--- START ---

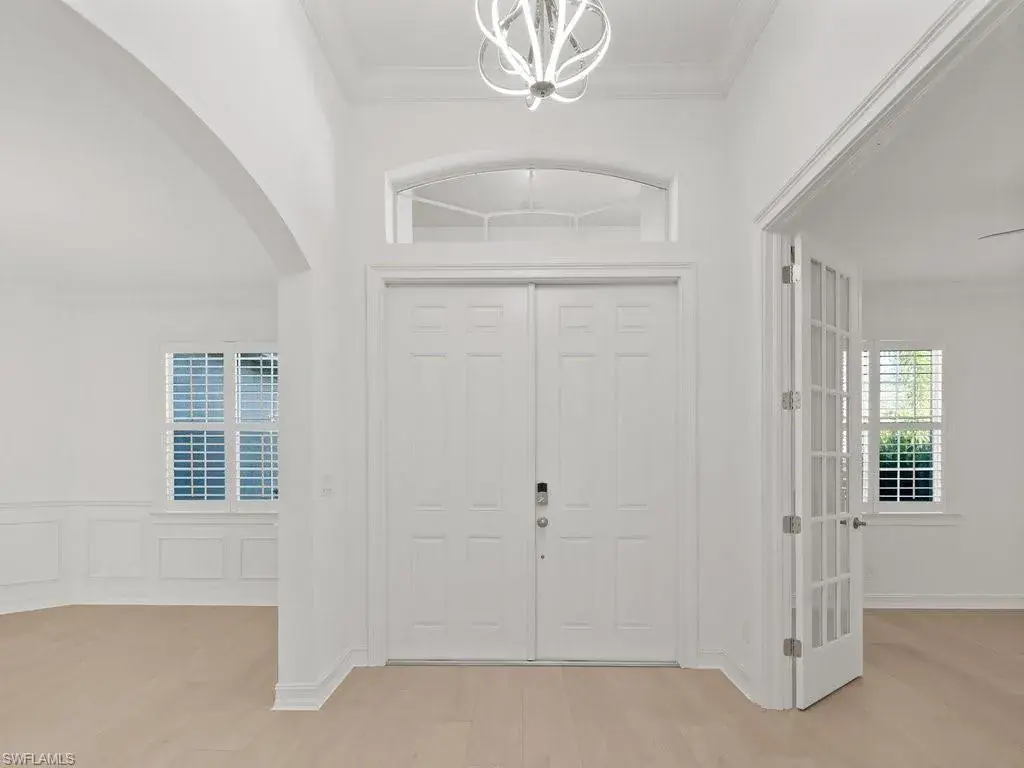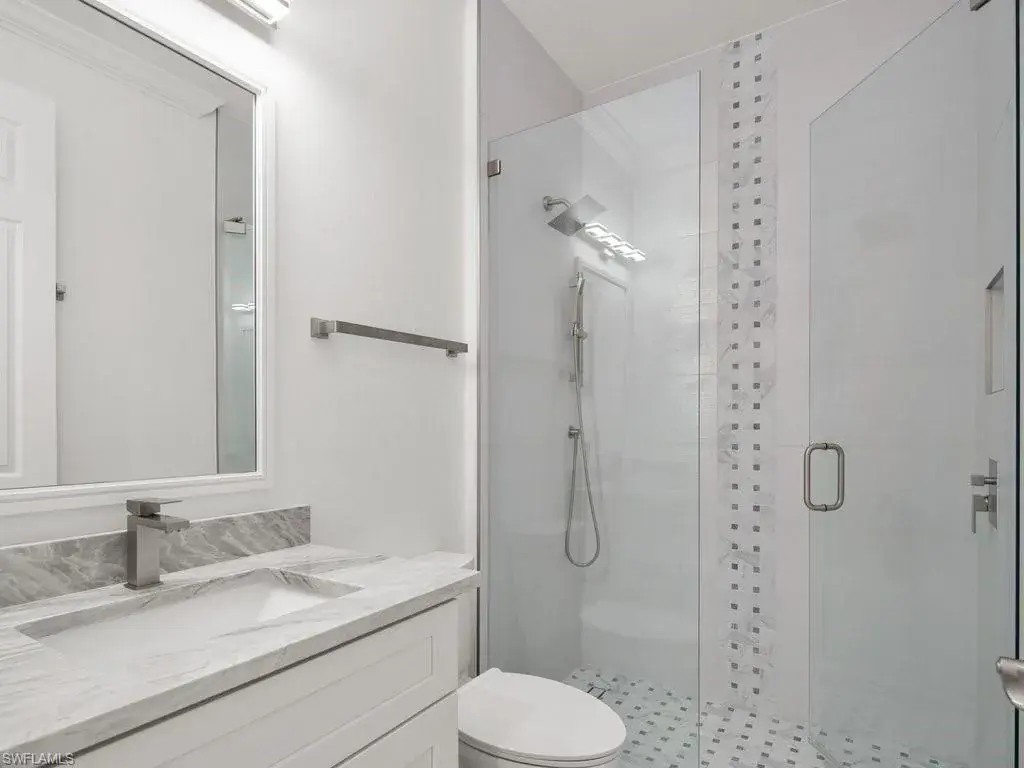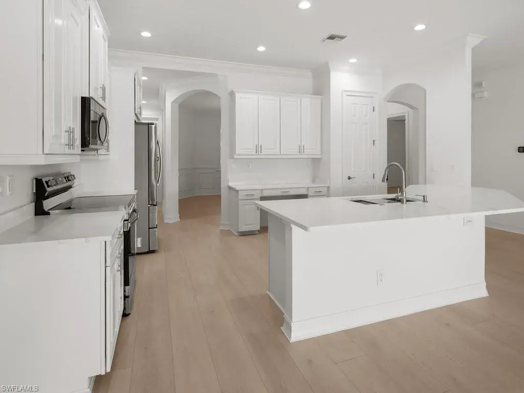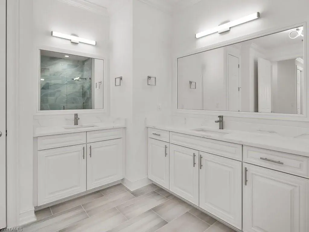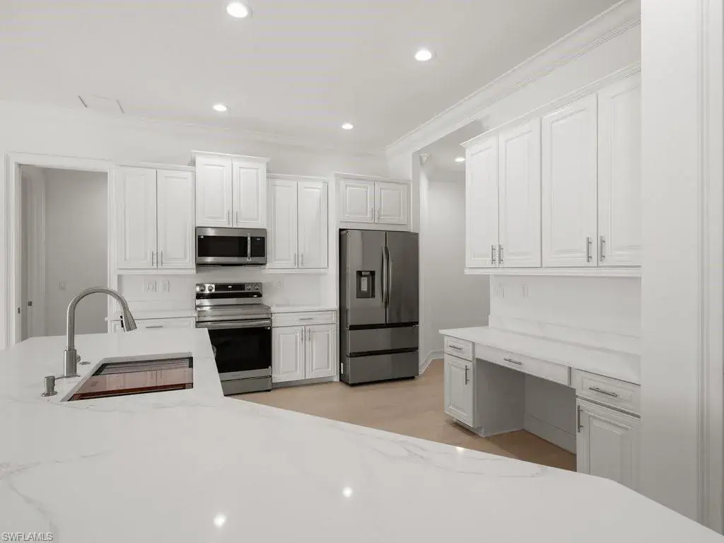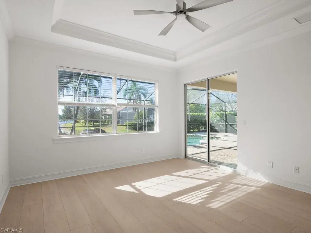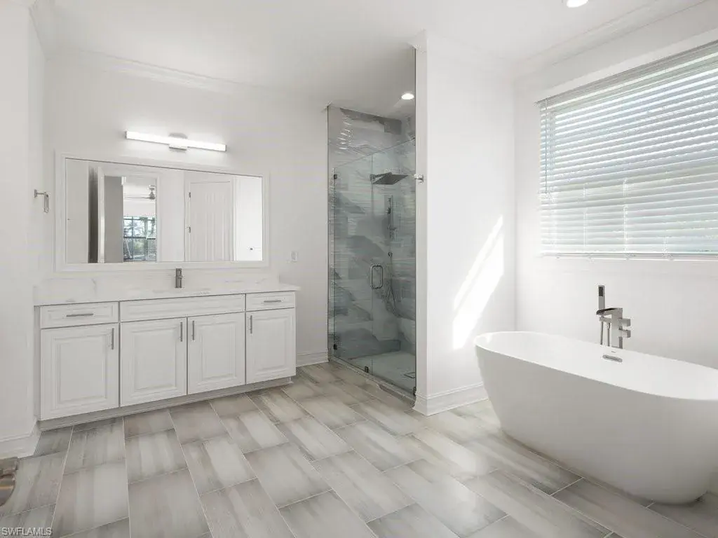 A RARE FIND,in North Naples, an UPDATED 4 BR, 3 BATHROOM AND 3 CAR GARAGE, Located on a prime lakefront lot with an unobstructed water view. The floor plan is split bedrooms with crown molding throughout and tray ceiling in living room and primary bedroom. The primary-bathroom has a toilet closet, two vanities, and a separate tub and shower. The large open Kitchen has quartz counters, SS appliances, and large breakfast bar for 6. The ceilings are 9′ with 8′ doors throughout. The extended screened patio with SOUTHERN Exposure has a large covered and uncovered area offering plenty of space for outdoor cooking, dining, and enjoying Florida sunshine. The pool has a rock waterfall and paver deck. Horse Creek Estates is located close to A rated schools and Highway 41, Mercato, Vanderbilt Beach, and many shops and fine-dining restaurants. Also is located in FEMA zone X-500 which is not in a Special Fl Hazard Area. Low HOA Fees.
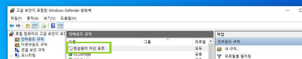 ▲ 인바운드 규칙에 새 규칙이 추가됩니다.
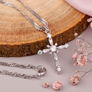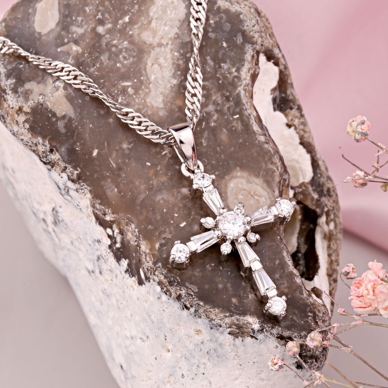 Kríž bez tela je vyrobený z 925 šterlingového striebra a je nastavený so zirkóniami v rôznych tvaroch, ktoré vytvárajú jemnú iskru. Jednoduchý dizajn a presné spracovanie robí z šperku všestrannú voľbu pre každodenný život a špeciálne príležitosti.
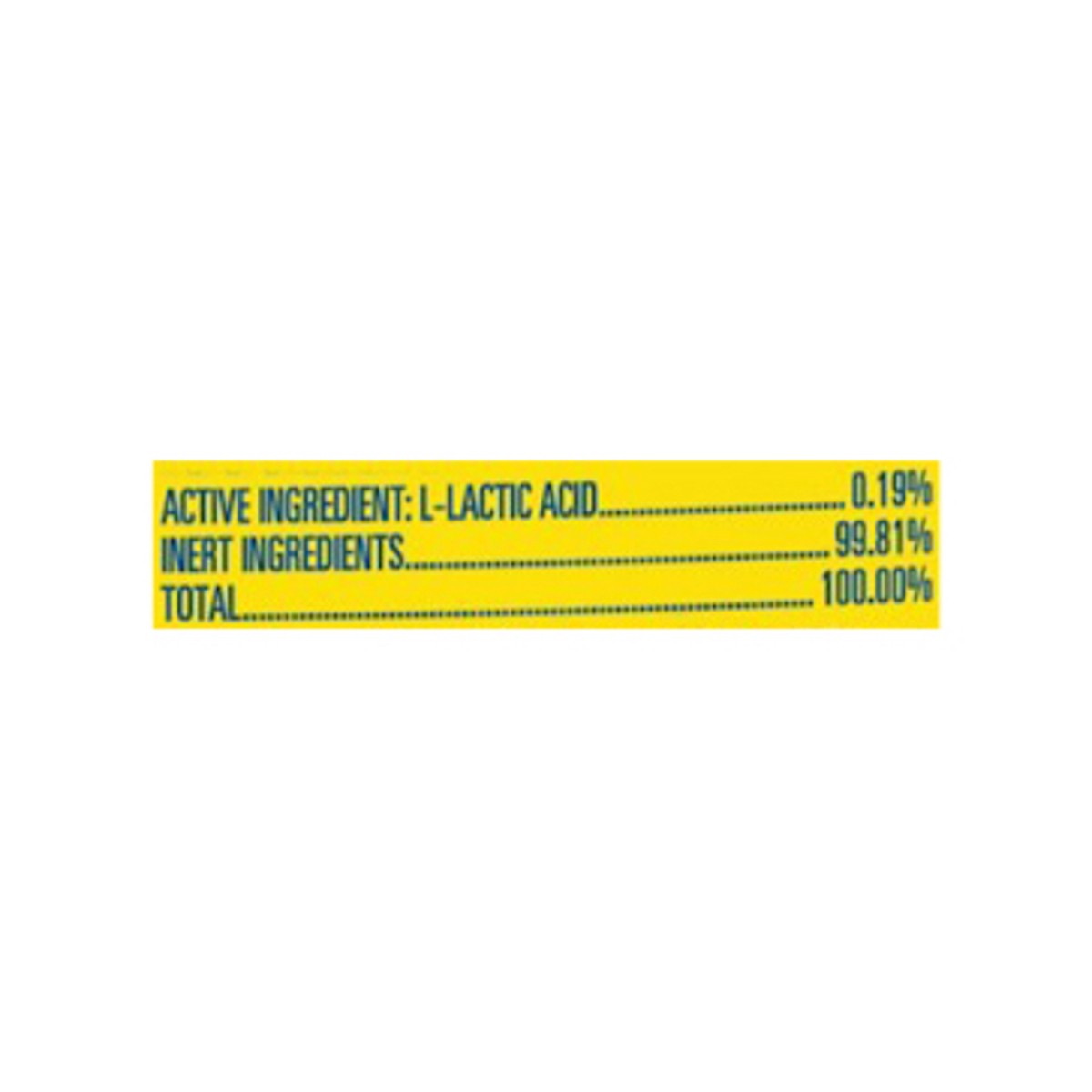 Active Ingredient: L-LACTIC ACID 0.19% Inert Ingredients 99.81% TOTAL 100.00%.
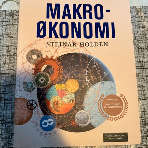 Makroøkonomi lærebok skrevet av Steinar Holden, relevant for studier innen økonomi og administrasjon og samfunnsøkonomi. Ny pris 700 kroner.
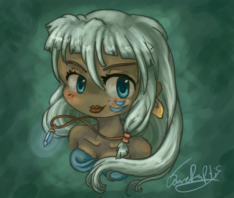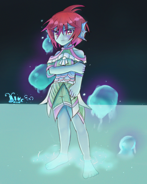 Again, I am fascinated by what you're doing with the new tablet here.Β I do see what you mean about the foreshortening, though it only really sticks out to me on the fingers of the right hand, but otherwise this is REALLY good; the lines have that same controlled, compelling quality to them I mentioned before, and the greater degree of depth and detail in the coloring (already a strong suit of yours) likewise continues to impress, especially the almost-water-like texture of the hair.
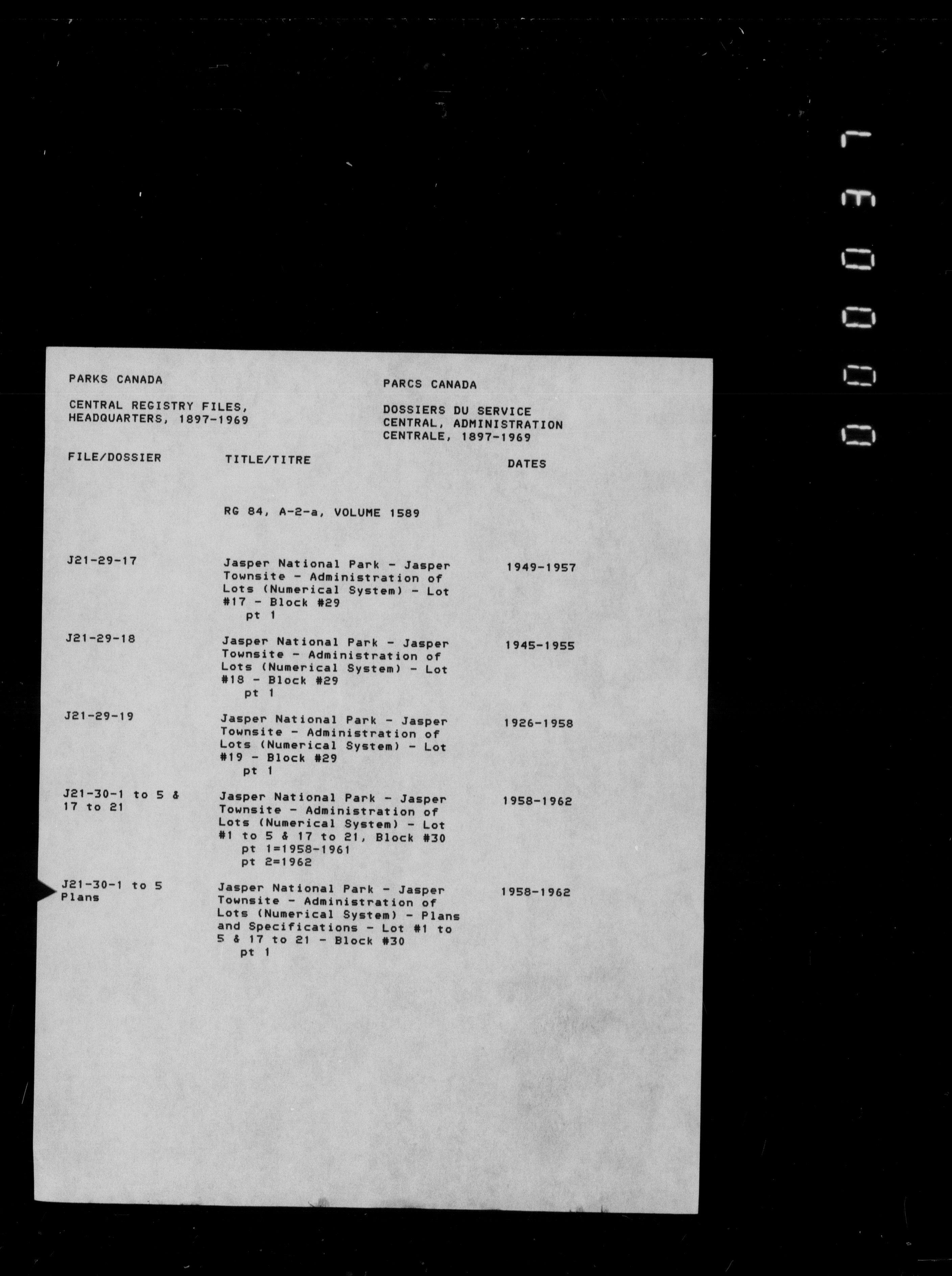 - Department of Canadian Heritage, Canadian Parks Service : Park/subject classification system - 9710
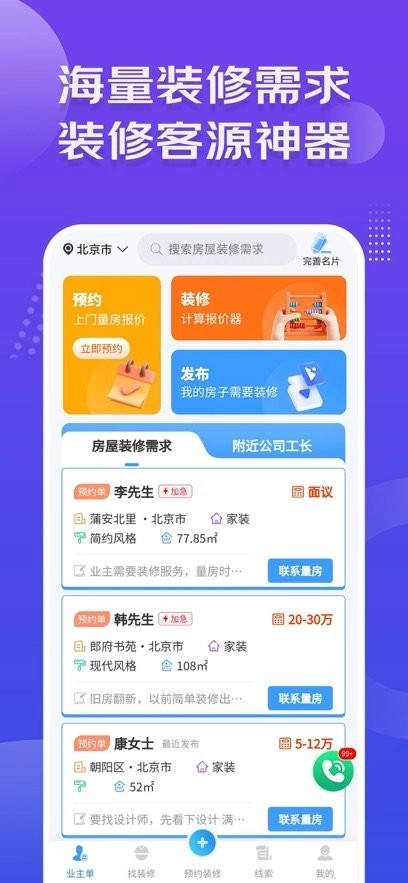 海量装修需求市场下,工长与装修队可直接对接装修业主,实现施工环节的直达服务!

--- END ---

*TRY IT*.
Please return the lines above exactly, with the pictures omitted.

*OUTPUT BELOW*.
 A RARE FIND,in North Naples, an UPDATED 4 BR, 3 BATHROOM AND 3 CAR GARAGE, Located on a prime lakefront lot with an unobstructed water view. The floor plan is split bedrooms with crown molding throughout and tray ceiling in living room and primary bedroom. The primary-bathroom has a toilet closet, two vanities, and a separate tub and shower. The large open Kitchen has quartz counters, SS appliances, and large breakfast bar for 6. The ceilings are 9′ with 8′ doors throughout. The extended screened patio with SOUTHERN Exposure has a large covered and uncovered area offering plenty of space for outdoor cooking, dining, and enjoying Florida sunshine. The pool has a rock waterfall and paver deck. Horse Creek Estates is located close to A rated schools and Highway 41, Mercato, Vanderbilt Beach, and many shops and fine-dining restaurants. Also is located in FEMA zone X-500 which is not in a Special Fl Hazard Area. Low HOA Fees.
 ▲ 인바운드 규칙에 새 규칙이 추가됩니다.
 Kríž bez tela je vyrobený z 925 šterlingového striebra a je nastavený so zirkóniami v rôznych tvaroch, ktoré vytvárajú jemnú iskru. Jednoduchý dizajn a presné spracovanie robí z šperku všestrannú voľbu pre každodenný život a špeciálne príležitosti.
 Active Ingredient: L-LACTIC ACID 0.19% Inert Ingredients 99.81% TOTAL 100.00%.
 Makroøkonomi lærebok skrevet av Steinar Holden, relevant for studier innen økonomi og administrasjon og samfunnsøkonomi. Ny pris 700 kroner.
 Again, I am fascinated by what you're doing with the new tablet here.Β I do see what you mean about the foreshortening, though it only really sticks out to me on the fingers of the right hand, but otherwise this is REALLY good; the lines have that same controlled, compelling quality to them I mentioned before, and the greater degree of depth and detail in the coloring (already a strong suit of yours) likewise continues to impress, especially the almost-water-like texture of the hair.
 - Department of Canadian Heritage, Canadian Parks Service : Park/subject classification system - 9710
 海量装修需求市场下,工长与装修队可直接对接装修业主,实现施工环节的直达服务!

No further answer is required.